With tax credit gone, how long will home sales hangover last?

Local real estate market watchers expected home sales to drop off after the federal home buying tax credits expired at the end of April.

But maybe they didn’t expect this kind of drop.


(Source: Minneapolis Area Association of Realtors)

The newest data from the Minneapolis Area Association of Realtors shows a roller coaster dive in sales since the credits — $8,000 for new home buyers and and $6,500 for repeat home buyers — ended.

The thick red line shows a steep rise to the end of April as buyers rushed to grab the credits and then the drop afterward.

The credits, part of the massive federal stimulus package, helped keep the residential real estate market alive during the housing crisis. There was a lot of breath holding as folks waited for the fallout once the credits ended.
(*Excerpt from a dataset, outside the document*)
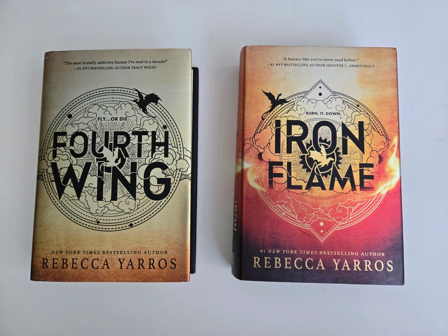 Two fantasy novels, Fourth Wing and Iron Flame, by Rebecca Yarros. Both are New York Times bestselling authors. These books are captivating reads for fantasy fans!

By mid-May, the Minneapolis Realtors declared, “We are pleased to announce that the tax credit deadline has officially passed and the world did not end!”

The group did project a slow summer selling season, noting that many would-be summer buyers got in earlier to get the credits. Still, this is prime home buying season.


So what happens next? The sales market has tanked temporarily. How long does that go before folks start to really get concerned?

We turned to Aaron Dickinson, a Realtor and source in MPR’s Public Insight Network. He wrote on the issue recently in his data-driven blog on the Twin Cities market.

“If year over year (pending home sales) don’t really start to close the gap by the end of June I’m going to start getting nervous,” Dickinson said.

“From a basic search I ran the numbers for next week should be up. So that’s a step in the right direction. But the same week last year was our best week last year and we’re still going to be down from that substantially.”

Searching for comparisons, Dickinson looked at auto sales after the “Cash for Clunkers” car buying credits expired.

Here’s a chart by the Federal Reserve Bank of St. Louis showing U.S. auto sales. That spike coming out of the gray area is the sales boost provided by “cash for clunkers.” The business then swooned before showing some signs of recovery.


The cash for clunkers experience “suggests a month or two hangover is very likely, though this (housing) stimulus was going for so long that the hangover could be longer too,” Dickinson said.

“Come July or early August we’ll have a better feel for what the second half of the year will look like” with Twin Cities home sales, he added. “Up until then there’s just too much influence from the tax credit expiration to draw any good conclusions.”

Looking at the auto sales chart above, there may be one other lesson for the local housing market: Recovery is coming but it’ll be a long climb back to the days before the recession.

Bonus: Brad Fisher, President of the Minneapolis Realtors group, tells MPR News the drop doesn’t bode well for home prices. “We expected to see a decline. We are just uncertain now to see how long it’s going to take for the consumer to realize they still have great interest rates, they still have great values out there.”

Double Bonus Chris Farrell, MPR’s excellent economics correspondent, posted a “good riddance” to the tax credits the day they expired, arguing, “The market shift to lower values would have been much quicker and fairer without the credit. The best policy in this case is let the market work.”